**ASSIGNED TASK**:
Pull out of the data below the stretch of lines bounded by the one containing "Сумки для покупок" and the one containing "다중 키나제 억제제의", both bounds included, unchanged.
*** Opening of DATA RECORDS ***
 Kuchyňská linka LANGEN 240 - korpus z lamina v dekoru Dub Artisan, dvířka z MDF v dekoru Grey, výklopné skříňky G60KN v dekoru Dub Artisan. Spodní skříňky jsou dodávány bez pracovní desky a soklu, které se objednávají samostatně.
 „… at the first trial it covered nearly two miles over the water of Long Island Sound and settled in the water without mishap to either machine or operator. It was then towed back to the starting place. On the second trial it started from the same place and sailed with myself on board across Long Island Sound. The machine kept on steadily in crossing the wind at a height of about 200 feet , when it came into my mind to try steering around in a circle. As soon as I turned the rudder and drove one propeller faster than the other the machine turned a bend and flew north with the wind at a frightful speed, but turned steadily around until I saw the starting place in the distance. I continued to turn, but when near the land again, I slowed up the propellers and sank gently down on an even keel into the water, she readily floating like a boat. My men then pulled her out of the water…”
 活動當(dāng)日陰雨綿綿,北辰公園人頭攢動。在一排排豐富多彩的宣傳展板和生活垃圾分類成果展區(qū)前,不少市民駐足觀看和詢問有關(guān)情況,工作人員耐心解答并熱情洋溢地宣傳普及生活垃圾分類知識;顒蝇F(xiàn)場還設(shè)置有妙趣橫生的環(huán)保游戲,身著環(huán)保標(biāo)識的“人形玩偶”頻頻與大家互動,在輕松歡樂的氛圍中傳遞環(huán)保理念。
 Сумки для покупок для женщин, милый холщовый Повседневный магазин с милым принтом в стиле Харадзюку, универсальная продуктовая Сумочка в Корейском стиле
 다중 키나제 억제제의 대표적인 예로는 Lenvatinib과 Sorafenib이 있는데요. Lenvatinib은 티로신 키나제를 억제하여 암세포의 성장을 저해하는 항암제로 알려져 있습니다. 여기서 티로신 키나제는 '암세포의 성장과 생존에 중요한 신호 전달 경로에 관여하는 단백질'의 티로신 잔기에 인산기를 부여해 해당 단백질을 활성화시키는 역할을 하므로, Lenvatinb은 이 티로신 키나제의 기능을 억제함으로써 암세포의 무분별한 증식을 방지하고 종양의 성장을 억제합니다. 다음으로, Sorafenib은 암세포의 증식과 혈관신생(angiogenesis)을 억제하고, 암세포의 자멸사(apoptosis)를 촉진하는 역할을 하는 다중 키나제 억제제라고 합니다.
*** Close of DATA RECORDS ***
*** Opening of DATA RECORDS ***
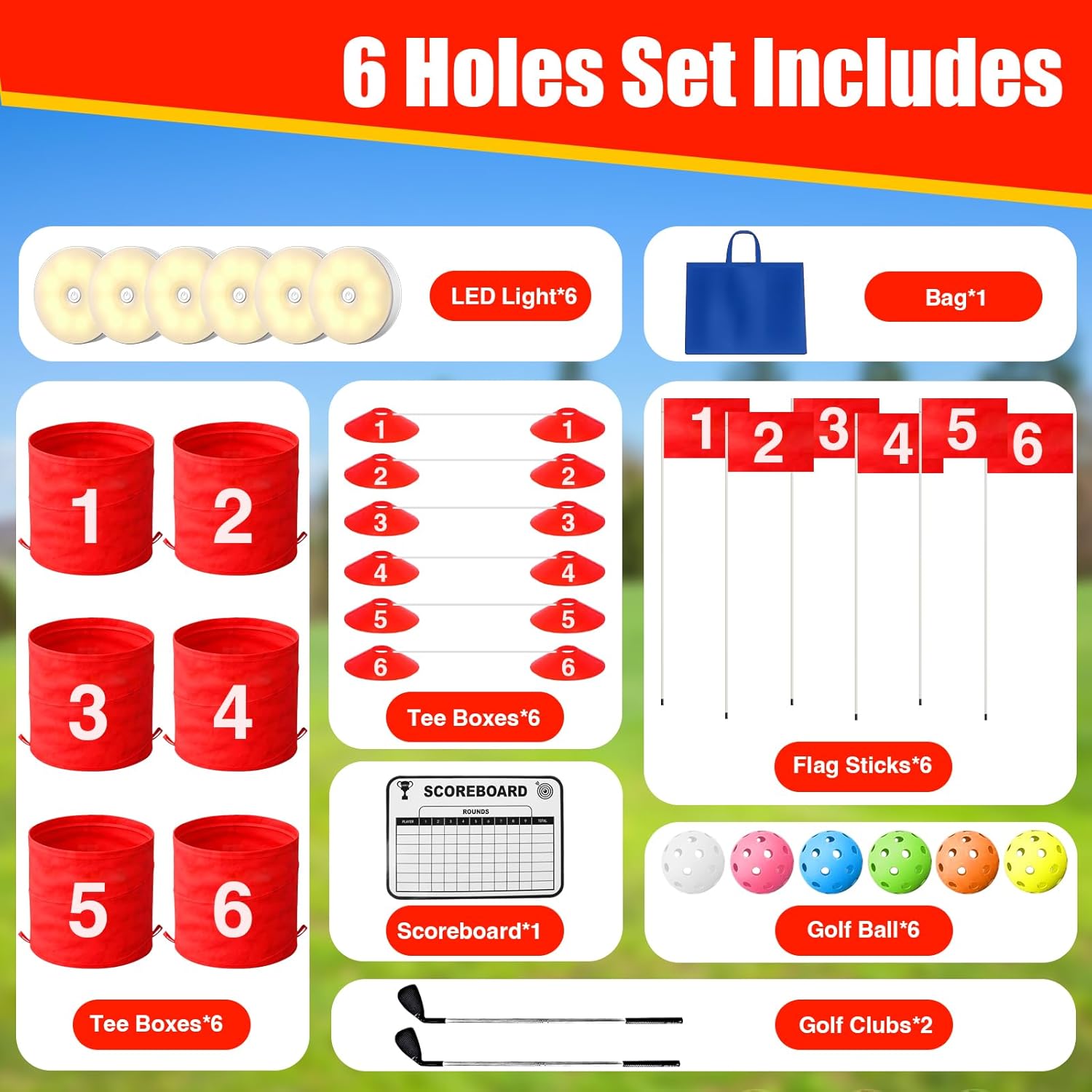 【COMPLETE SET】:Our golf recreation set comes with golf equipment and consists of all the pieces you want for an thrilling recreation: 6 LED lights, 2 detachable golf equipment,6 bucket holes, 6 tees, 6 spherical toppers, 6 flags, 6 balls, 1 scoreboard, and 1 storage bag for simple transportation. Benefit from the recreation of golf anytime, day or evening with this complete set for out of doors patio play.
*** Close of DATA RECORDS ***
*** Opening of DATA RECORDS ***
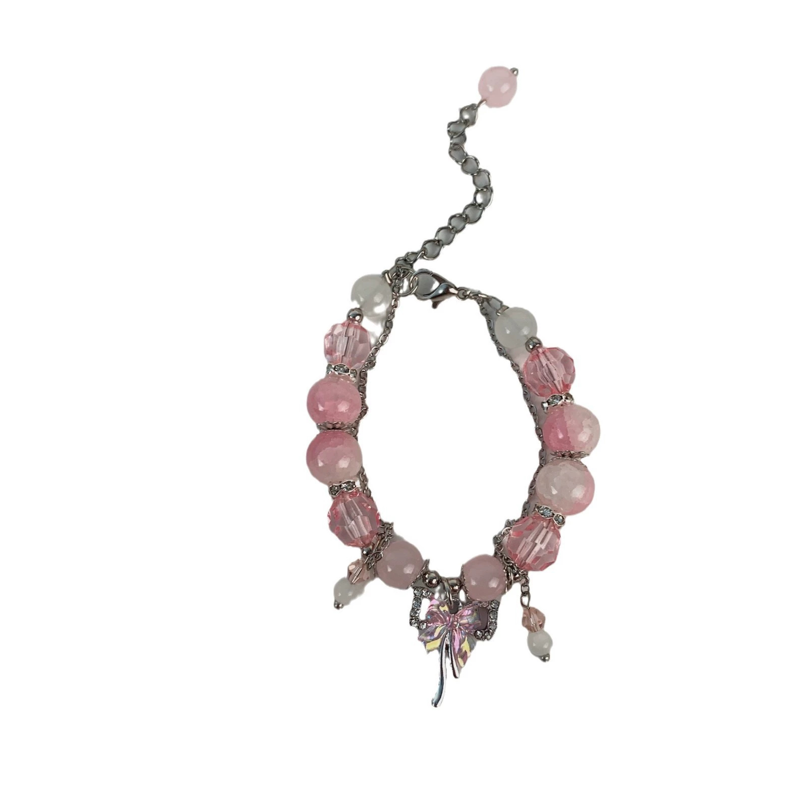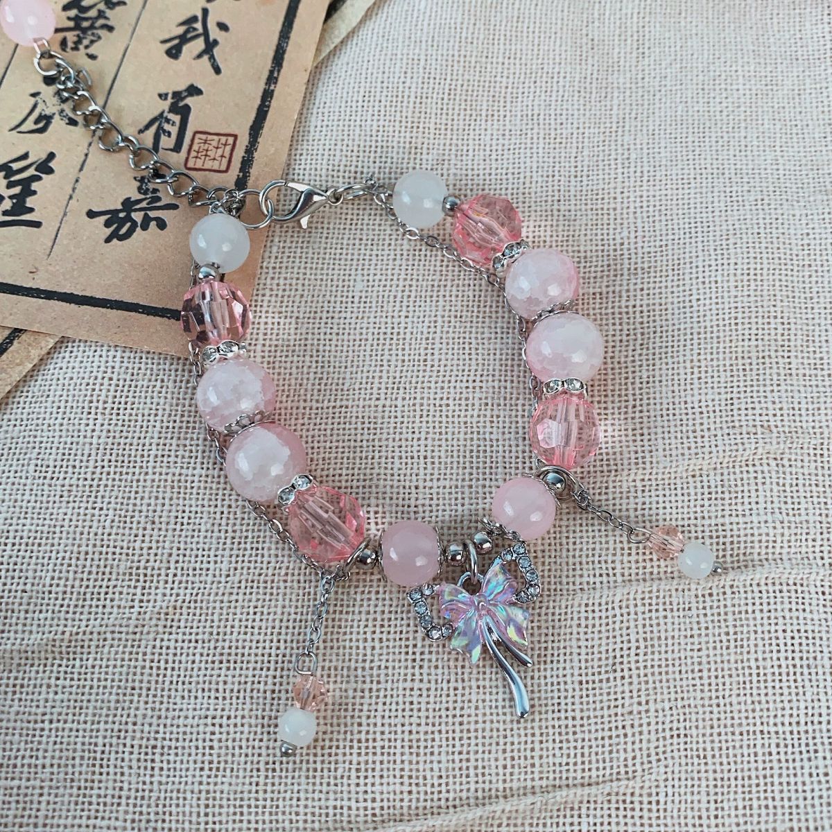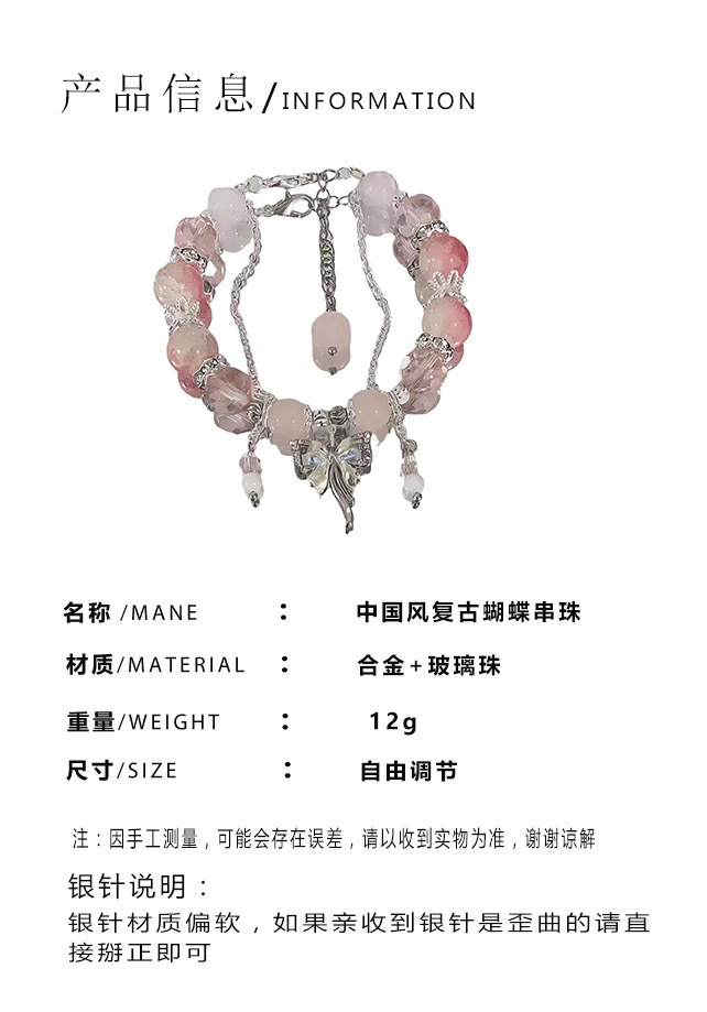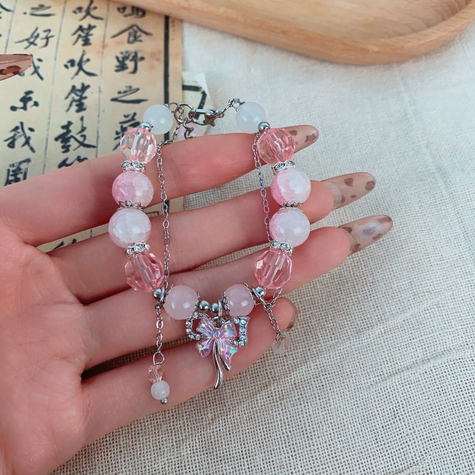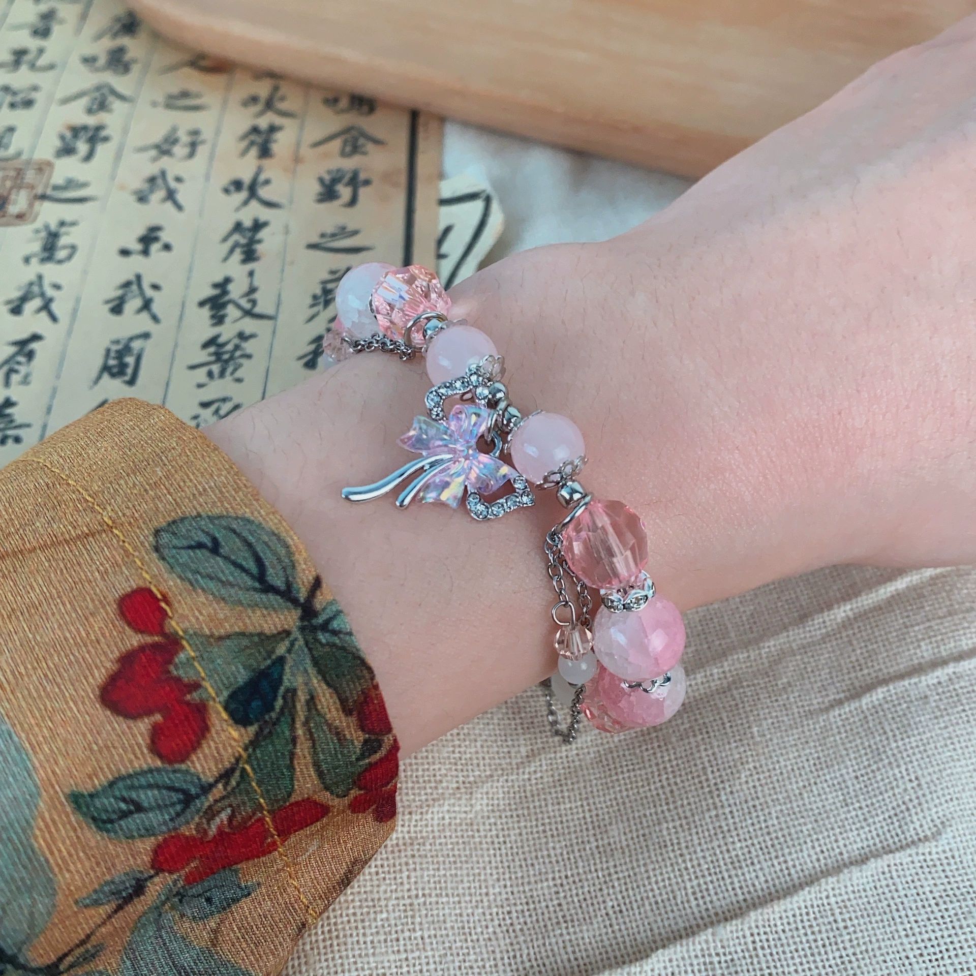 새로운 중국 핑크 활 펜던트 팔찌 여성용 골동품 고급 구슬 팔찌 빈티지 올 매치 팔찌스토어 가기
*** Close of DATA RECORDS ***
**EXPECTED ANSWER**:
 Сумки для покупок для женщин, милый холщовый Повседневный магазин с милым принтом в стиле Харадзюку, универсальная продуктовая Сумочка в Корейском стиле
 다중 키나제 억제제의 대표적인 예로는 Lenvatinib과 Sorafenib이 있는데요. Lenvatinib은 티로신 키나제를 억제하여 암세포의 성장을 저해하는 항암제로 알려져 있습니다. 여기서 티로신 키나제는 '암세포의 성장과 생존에 중요한 신호 전달 경로에 관여하는 단백질'의 티로신 잔기에 인산기를 부여해 해당 단백질을 활성화시키는 역할을 하므로, Lenvatinb은 이 티로신 키나제의 기능을 억제함으로써 암세포의 무분별한 증식을 방지하고 종양의 성장을 억제합니다. 다음으로, Sorafenib은 암세포의 증식과 혈관신생(angiogenesis)을 억제하고, 암세포의 자멸사(apoptosis)를 촉진하는 역할을 하는 다중 키나제 억제제라고 합니다.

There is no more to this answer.